**SUPPLIED MATERIAL:**
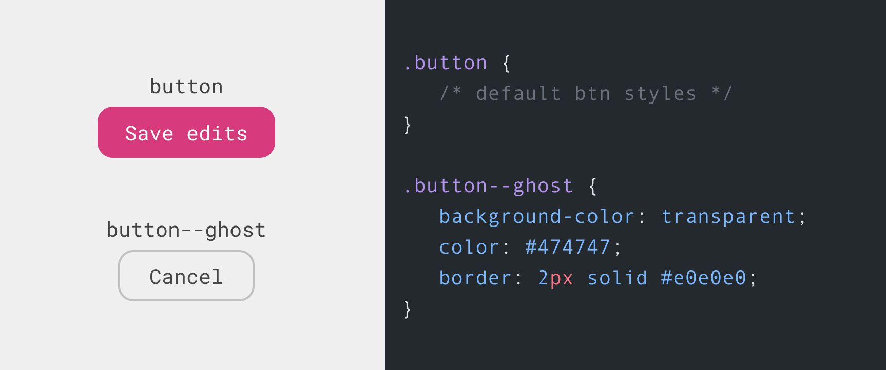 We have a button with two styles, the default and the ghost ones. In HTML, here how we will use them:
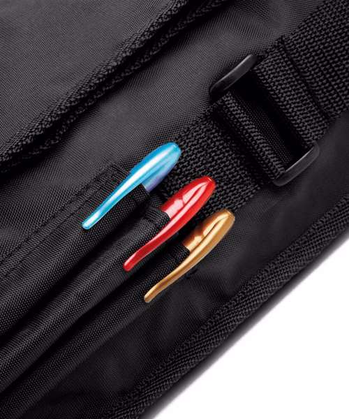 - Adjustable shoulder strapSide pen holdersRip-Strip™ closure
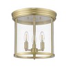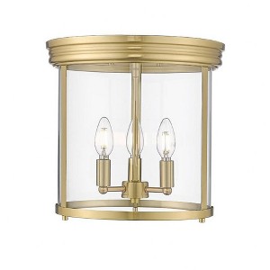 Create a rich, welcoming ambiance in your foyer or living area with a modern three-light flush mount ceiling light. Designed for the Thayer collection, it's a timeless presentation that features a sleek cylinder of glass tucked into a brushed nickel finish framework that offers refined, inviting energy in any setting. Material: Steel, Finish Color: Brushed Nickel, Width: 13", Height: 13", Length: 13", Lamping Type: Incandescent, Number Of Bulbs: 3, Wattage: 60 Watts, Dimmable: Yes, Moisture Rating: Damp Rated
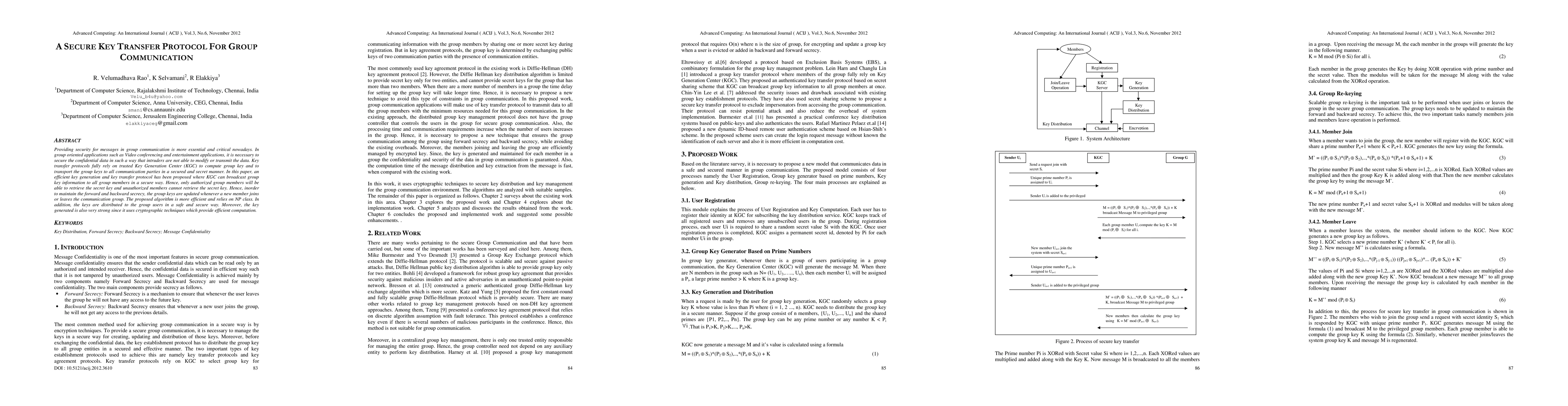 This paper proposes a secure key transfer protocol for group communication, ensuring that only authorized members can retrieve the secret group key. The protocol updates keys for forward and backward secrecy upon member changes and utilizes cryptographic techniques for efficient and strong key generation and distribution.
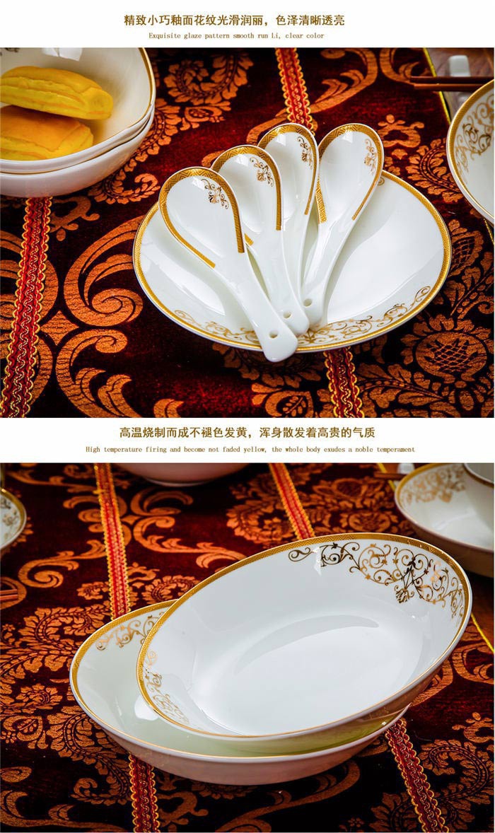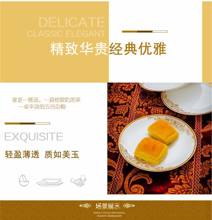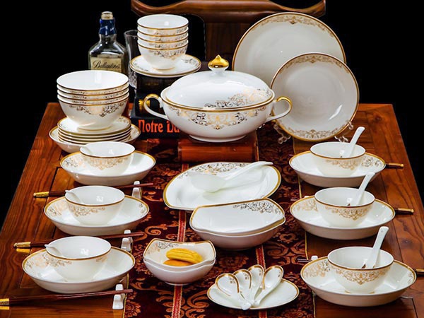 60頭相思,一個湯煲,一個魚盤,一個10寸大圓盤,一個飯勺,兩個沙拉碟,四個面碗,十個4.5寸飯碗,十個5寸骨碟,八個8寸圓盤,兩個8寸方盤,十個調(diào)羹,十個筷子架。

**TASK OBJECTIVE:**
Return every record above exactly as written, but drop the pictures.

**TASK OUTPUT:**
 We have a button with two styles, the default and the ghost ones. In HTML, here how we will use them:
 - Adjustable shoulder strapSide pen holdersRip-Strip™ closure
 Create a rich, welcoming ambiance in your foyer or living area with a modern three-light flush mount ceiling light. Designed for the Thayer collection, it's a timeless presentation that features a sleek cylinder of glass tucked into a brushed nickel finish framework that offers refined, inviting energy in any setting. Material: Steel, Finish Color: Brushed Nickel, Width: 13", Height: 13", Length: 13", Lamping Type: Incandescent, Number Of Bulbs: 3, Wattage: 60 Watts, Dimmable: Yes, Moisture Rating: Damp Rated
 This paper proposes a secure key transfer protocol for group communication, ensuring that only authorized members can retrieve the secret group key. The protocol updates keys for forward and backward secrecy upon member changes and utilizes cryptographic techniques for efficient and strong key generation and distribution.
 60頭相思,一個湯煲,一個魚盤,一個10寸大圓盤,一個飯勺,兩個沙拉碟,四個面碗,十個4.5寸飯碗,十個5寸骨碟,八個8寸圓盤,兩個8寸方盤,十個調(diào)羹,十個筷子架。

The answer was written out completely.